Install the PCGR Python component on your local machine. Only requirement is Python > 3.6. We would strongly advise to install it in a virtual Python environment with conda (or virtualenv) (read the previous sections for how to install conda). Or else it will (probably) use your system’s default Python and you’ll end up in a situation like https://xkcd.com/1987/. Here’s an example using conda/mamba, with only Python 3.7 as a dependency:
(base) $ mamba create -n pcgr_docker_env -c conda-forge python=3.7
(base) $ conda activate pcgr_docker_env
(pcgr_docker_env) $ which python
/Users/you/miniconda3/envs/pcgr_docker_env/bin/python
(pcgr_docker_env) $ cd /Users/you/dir4/PCGR
(pcgr_docker_env) $ pip install -e .
Obtaining file:///Users/you/dir4/PCGR
Preparing metadata (setup.py) ... done
Installing collected packages: pcgr
Running setup.py develop for pcgr
Successfully installed pcgr-X.X.X
(pcgr_docker_env) $ which pcgr
/Users/you/miniconda3/envs/pcgr_docker/bin/pcgr
(pcgr_docker_env) $ pcgr --version
pcgr X.X.X
You should now be all set up to run PCGR from within that
pcgr_docker_env
conda environment!

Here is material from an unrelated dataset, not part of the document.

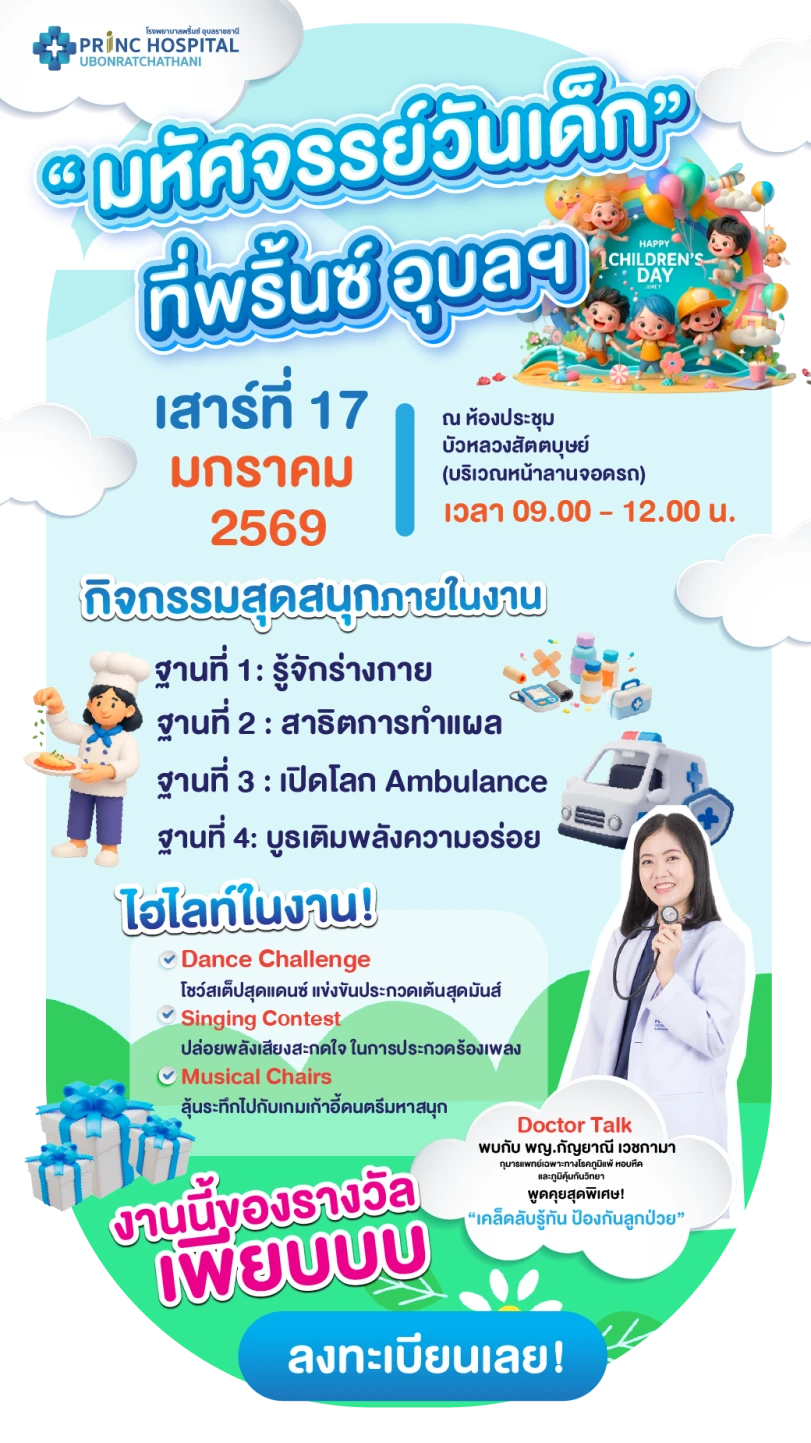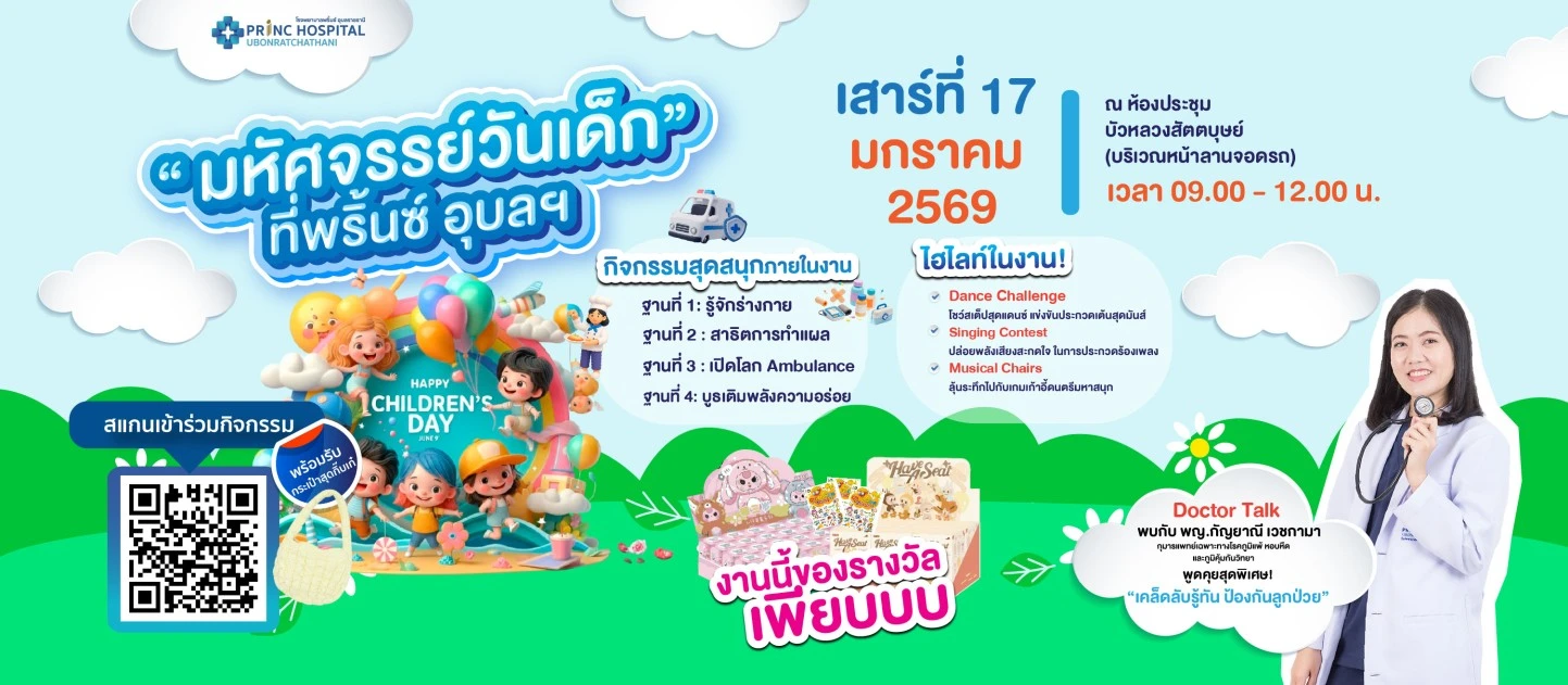 โรงพยาบาลพริ้นซ์ อุบลราชธานี จัดกิจกรรม “PRINC GROUP FAIR ตลาดนัดเพื่อคนรักสุขภาพ” วันที่ 24 กรกฎาคม 2568 เวลา 09.00 - 12.00 น. ณ ห้องประชุมดอกบัววิคตอเรีย โรงพยาบาลพริ้นซ์ อุบลราชธานี ภายในงานจัดเต็มด้วยบริการตรวจสุขภาพราคาพิเศษ เช่น แพ็กเกจตรวจสุขภาพเริ่มต้นเพียง 990 บาท และวัคซีนราคาพิเศษเริ่มต้นเพียง 690 บาท พร้อมรับของพรีเมียมทันทีเมื่อซื้อแพ็กเกจภายในงาน
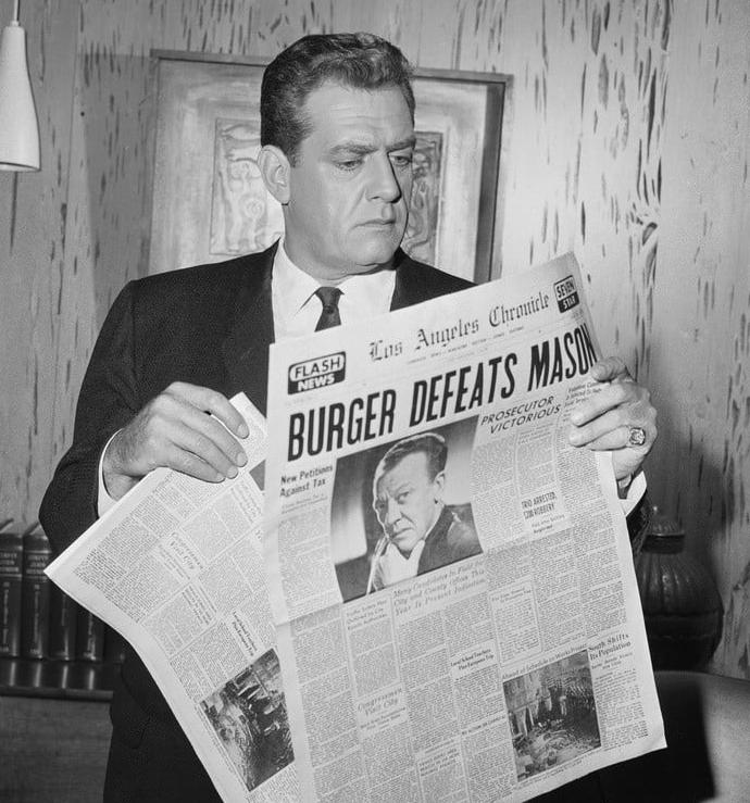 Every time I hear the theme song, I'm back in Nana's living room on a Saturday night in the 1960s. "Perry Mason" is a favorite TV show of 2/3rds of our household, and Raymond Burr has now become a gay icon. Who'd 'a thunk it?

Here’s an example
command:
(pcgr_docker_env) $ pcgr \
--input_vcf "/Users/you/dir1/tumor_sample.BRCA.vcf.gz" \
--pcgr_dir "/Users/you/dir2/data" \
--output_dir "/Users/you/dir3/pcgr_outputs" \
--genome_assembly "grch38" \
--sample_id "SampleB" \
--assay "WGS"
- Note that we do not specify the
--no_docker
option. PCGR will automatically look for the more recent Docker container on your machine, and then run the above command inside it indirectly. - Also note the path mappings. You’re using the actual host (your machine’s) paths, not the container paths.